- **Data records**:
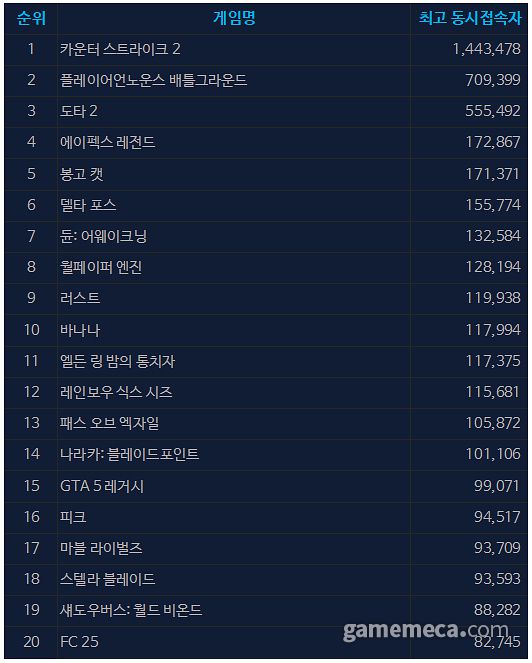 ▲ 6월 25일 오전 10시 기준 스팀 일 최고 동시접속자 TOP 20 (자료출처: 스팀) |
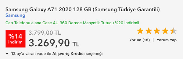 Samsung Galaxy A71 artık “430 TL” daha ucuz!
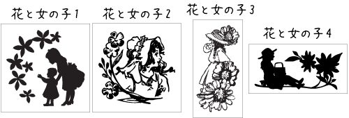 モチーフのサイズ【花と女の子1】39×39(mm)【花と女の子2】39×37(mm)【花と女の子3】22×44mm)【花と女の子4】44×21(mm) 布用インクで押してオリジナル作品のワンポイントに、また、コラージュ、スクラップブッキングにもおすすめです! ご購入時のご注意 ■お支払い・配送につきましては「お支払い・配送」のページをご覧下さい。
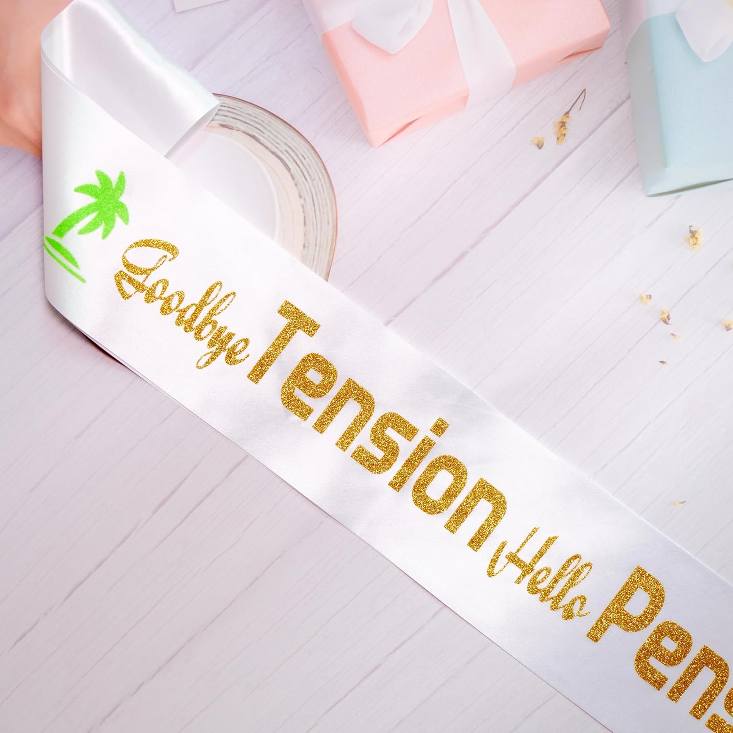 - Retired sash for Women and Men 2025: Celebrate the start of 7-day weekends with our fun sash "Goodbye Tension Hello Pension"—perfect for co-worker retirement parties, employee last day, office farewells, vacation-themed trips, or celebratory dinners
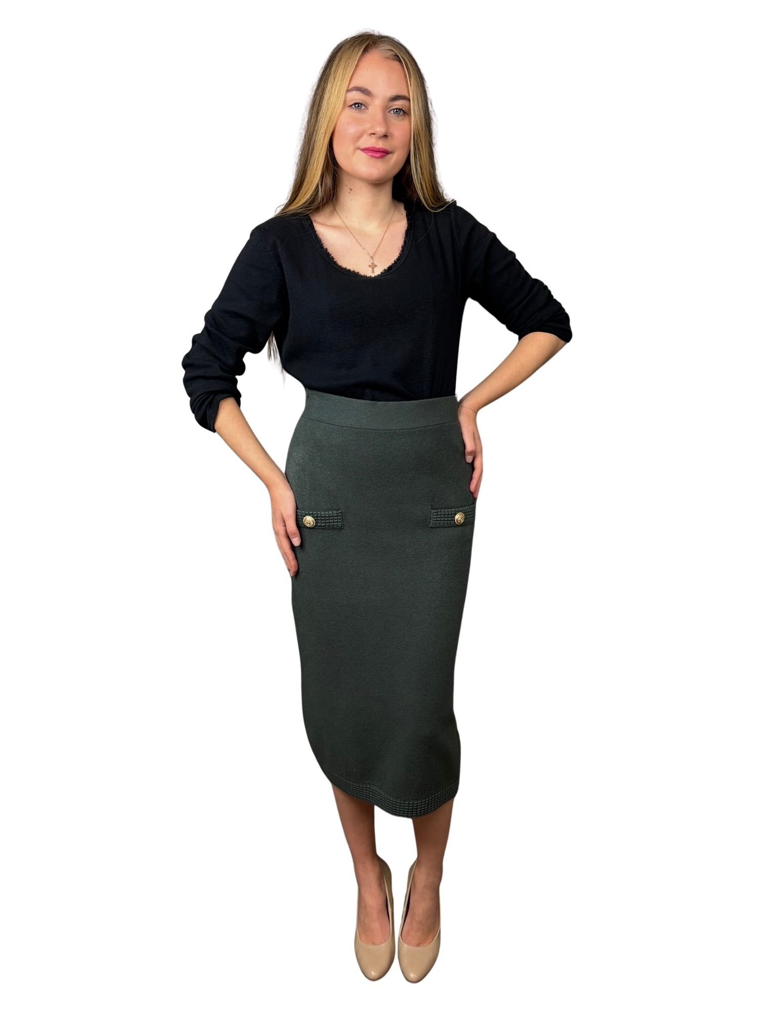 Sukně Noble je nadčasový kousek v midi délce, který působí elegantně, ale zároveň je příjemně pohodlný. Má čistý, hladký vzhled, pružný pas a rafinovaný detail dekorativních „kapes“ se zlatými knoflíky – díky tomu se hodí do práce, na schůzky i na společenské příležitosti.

- **Your assignment**: Retype the material above exactly, images excluded.

- **Answer for this exercise**:
 ▲ 6월 25일 오전 10시 기준 스팀 일 최고 동시접속자 TOP 20 (자료출처: 스팀) |
 Samsung Galaxy A71 artık “430 TL” daha ucuz!
 モチーフのサイズ【花と女の子1】39×39(mm)【花と女の子2】39×37(mm)【花と女の子3】22×44mm)【花と女の子4】44×21(mm) 布用インクで押してオリジナル作品のワンポイントに、また、コラージュ、スクラップブッキングにもおすすめです! ご購入時のご注意 ■お支払い・配送につきましては「お支払い・配送」のページをご覧下さい。
 - Retired sash for Women and Men 2025: Celebrate the start of 7-day weekends with our fun sash "Goodbye Tension Hello Pension"—perfect for co-worker retirement parties, employee last day, office farewells, vacation-themed trips, or celebratory dinners
 Sukně Noble je nadčasový kousek v midi délce, který působí elegantně, ale zároveň je příjemně pohodlný. Má čistý, hladký vzhled, pružný pas a rafinovaný detail dekorativních „kapes“ se zlatými knoflíky – díky tomu se hodí do práce, na schůzky i na společenské příležitosti.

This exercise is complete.